The certificates, which exempt the soldiers from prosecution, were granted to them on February 22, 2016 by former National Security Minister Peter Bunting.

Clarke, a chartered accountant, was killed by soldiers on May 27, 2010 during the security forces' search for then fugitive Christopher “Dudus” Coke.

He was reportedly shot 20 times at his Kirkland Close, St Andrew home.

Corporal Odel Buckley and privates Arnold Henry and Greg Tingling were later charged with murder in relation to his death, but when the trial that was scheduled to start yesterday came up, attorney Paul Beswick surprised the Home Circuit Court with the immunity certificates. He argued that the certificates prohibit the soldiers from facing criminal prosecution.

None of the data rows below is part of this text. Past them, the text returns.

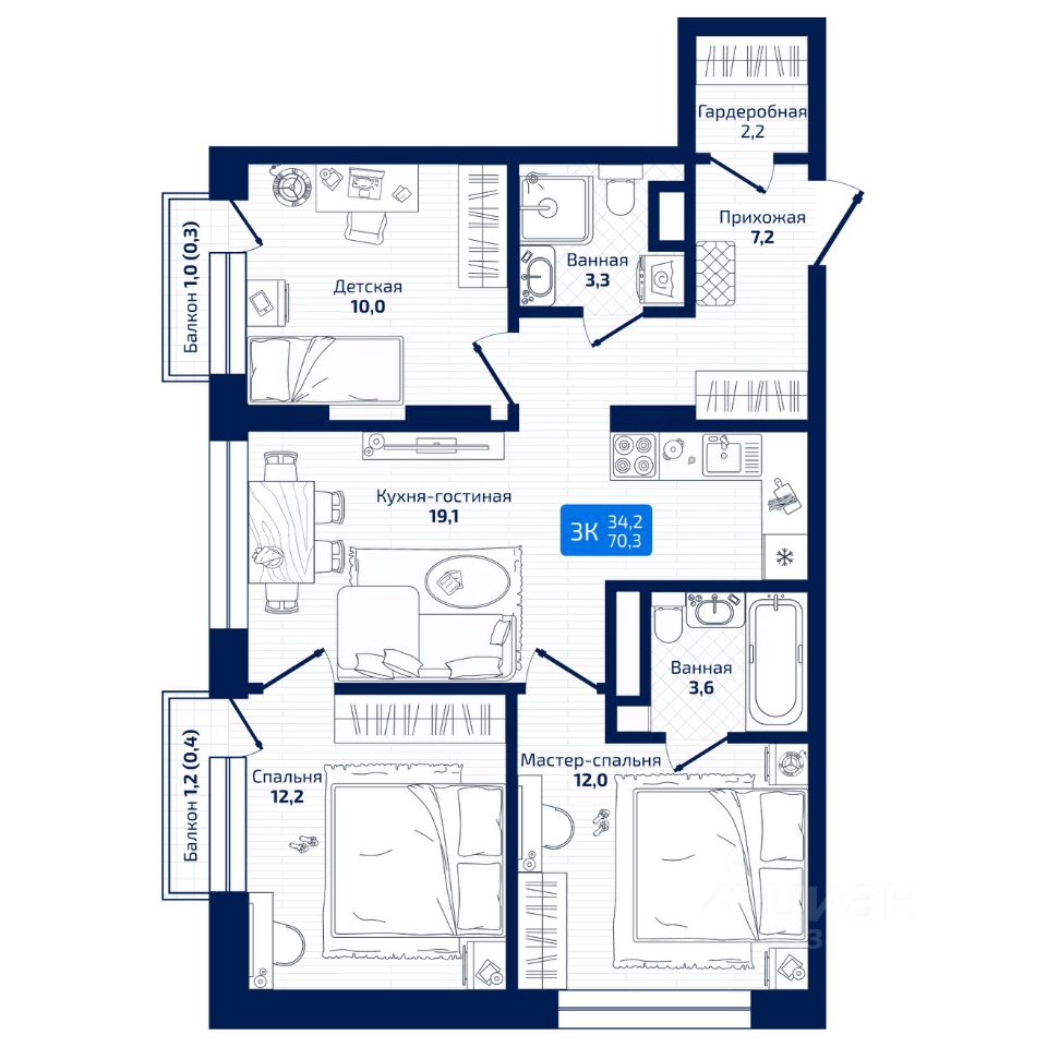 70 м² · Этаж 6 из 19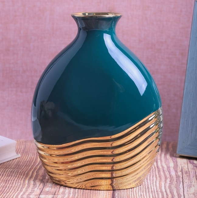 Ваза декоративная керамика d18 h24см, темно-зеленый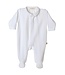 Dit mega fijne en super mooie babypakje is een perfecte basic om in de kast te hebben. Het pakje is wit van kleur met een fijn rond kraagje. Het pakje is gemaakt van velours katoen en het kraagje is normaal katoen. Het pakje heeft aan de voorzijde een drukknoopsluiting welke doorloopt tussen de beentjes. Het pakje heeft lange mouwen en voetjes. Door de kleur en de basic uitstraling van het pakje is het perfect unisex te dragen of om te geven wanneer het geslacht nog niet bekend is.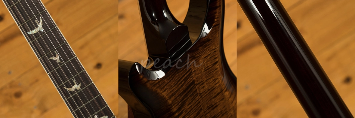 With a PRS adjustable stoptail and tweaked Phase III locking tuners you get great tuning stability and intonation.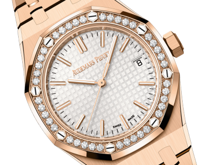 This 41 mm model benefits from the Royal Oak design evolution and the selfwinding Calibre 5900, both introduced in 2022. Its 18-carat pink gold case and bracelet are contrasted with a silver-toned “Grande Tapisserie” dial and a diamond-set bezel.
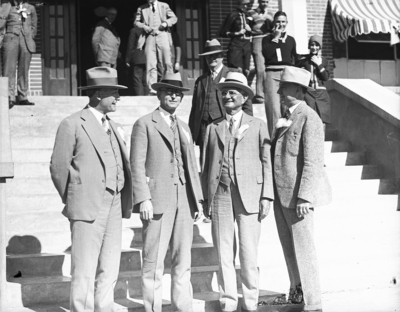 Amon G. Carter, far right, with three unidentified Texas & Pacific officials. The four men are standing at the bottom of a set of stairs in front of a building. Others are in the background. Carter and the Texas & Pacific officials are all wearing sutis and hats. The two men in the center are wearing eyeglasses.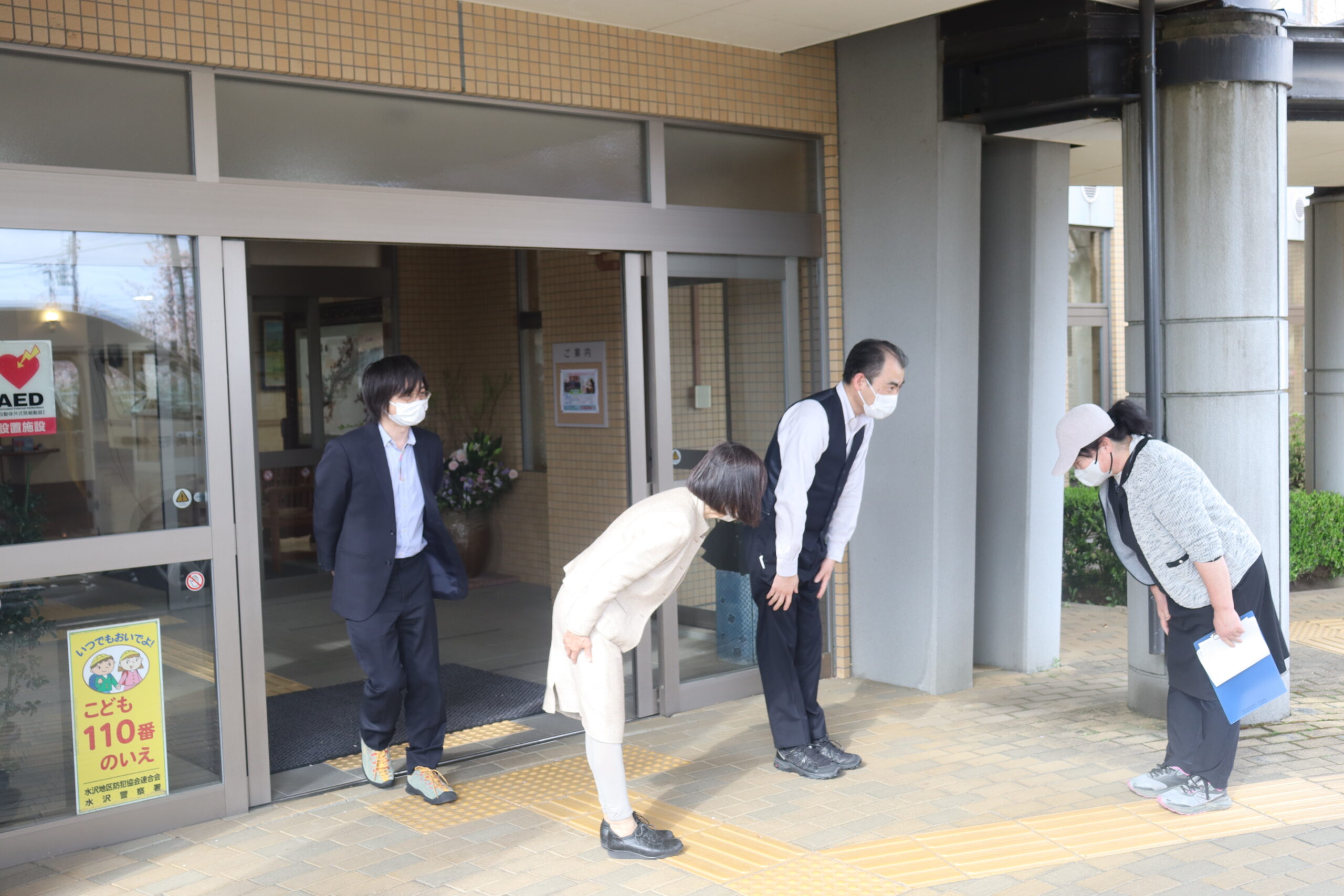 よく晴れた4月15日の午後、姉体小の生徒さん20人ほどが、引率の先生とともに福寿荘を訪れました。先生は生徒さんたちに「この施設は『子ども110番の家』になっています。何かあったら、立ち寄って助けてもらって下さいね」と話し、出迎えた施設長と常務理事は「どんな事でも、いつでも来てくれて大丈夫ですよ」と笑顔で答えました。生徒さんたちは声を揃えて「これからよろしくお願いします」と元気にあいさつし、それぞれの家へと帰っていきました。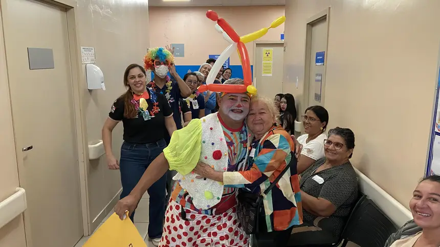 A programação contou com a participação do palhaço Kbção, que percorreu as instalações da unidade, incluindo o Centro de Hemodiálise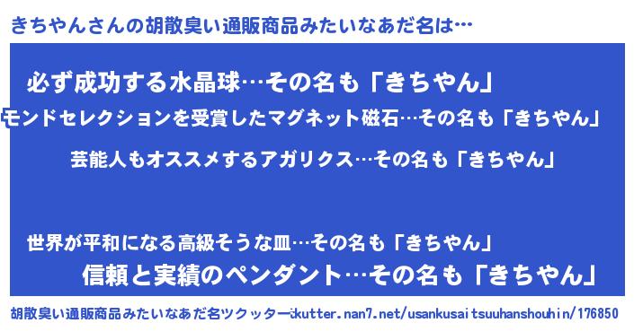 | 意味不明あだ名 | 『自称きちやん』『ペロリンきちやん』 |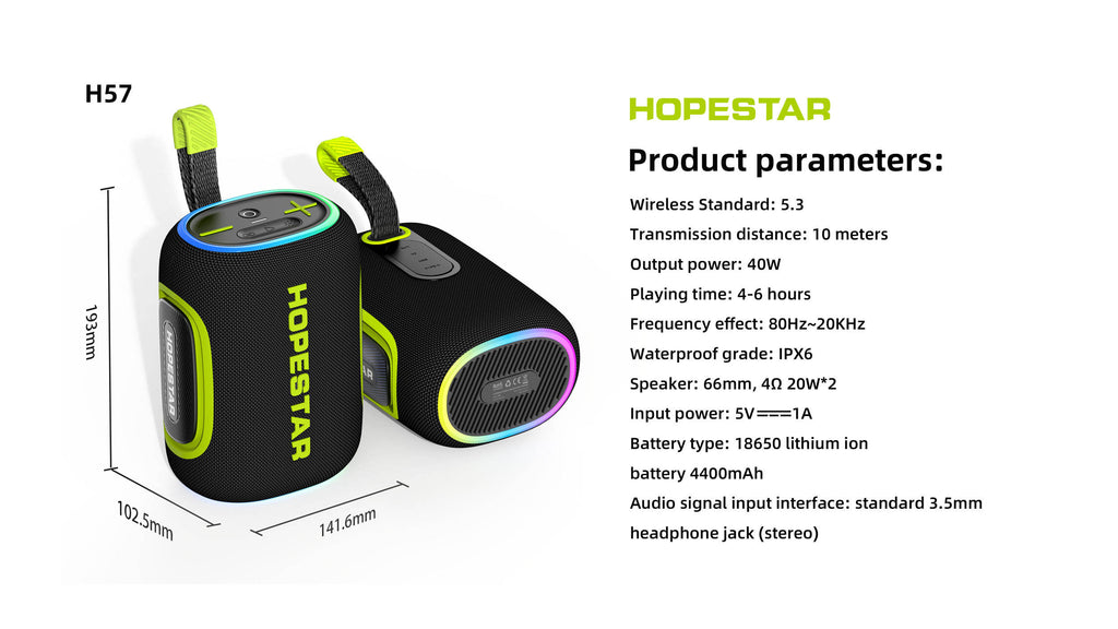 Experience music like never before with the Hopestar H57 – a powerful, portable speaker designed for both outdoor adventures and indoor entertainment. Built with a rugged design and advanced features, it delivers clear, dynamic sound wherever you go.

“I hereby certify that the actions of JDF (Jamaica Defence Force) Corporal Odel Buckley on May 27, 2010 between the hours of 12 am and 12 pm at...Kirkland Close, Red Hills, St Andrew, which may have contributed to or caused the death of Keith Clarke, were done in good faith in the exercise of his functions as a member of the security forces for public safety, the restoration of order, the preservation of the peace, and in the public interest,” Beswick read from one the immunity certificates.

He argued that the certificates were valid and must be treated as law unless the issue of their validity is successfully challenged.

However, lead prosecutor in the matter Paula Llewellyn, who described the move by the minister to grant immunity to the soldiers as “a most unusual exercise of authority”, questioned the authenticity of the certificates and the provisions in law which had empowered Bunting to use the Emergency Powers Act to grant immunity when he was no longer a minister.

She argued that there was insufficient evidence to support the provenance and authenticity of the certificates as they were tendered without a sworn affidavit from Bunting.

“We have not even seen the original of this document,” Llewellyn said.

The prosecutor also argued that the move by the attorney, asking for the court to accept the documents as valid, was premature, as the court has not heard any evidence to determine whether or not the soldiers had acted in good faith.

“It must be that the court will have to be put in a position to assess good faith because otherwise what will happen, any member of the army or the police force under the state of emergency could kill somebody in cold blood and then when the matter comes up for trial they present a document with no affidavit or anything to indicate exactly what informed the minister's decision to sign this document, especially a minister who was not duly authorised at the time of the incident,” she further stated.

In the meantime, Beswick, in his response, said that the defence does not have to produce anything other than the copy of the certificates.

He, however, conceded that citizens may be killed innocently by members of the security forces during the state of emergency and be granted immunity, but he said that is part of the risk that democratic society has to accept under the rule of the law.

“We may not like it but we have to accept it, the minister is the minister,” he said.

Beswick also pointed out that it is not up to the court to enquire into what had informed Bunting's decision to grant immunity and if it was determined that the soldiers had acted in good faith.

According to him, if Llewellyn is of the view that the minister's decision was irrational, she should bring the matter to the full court.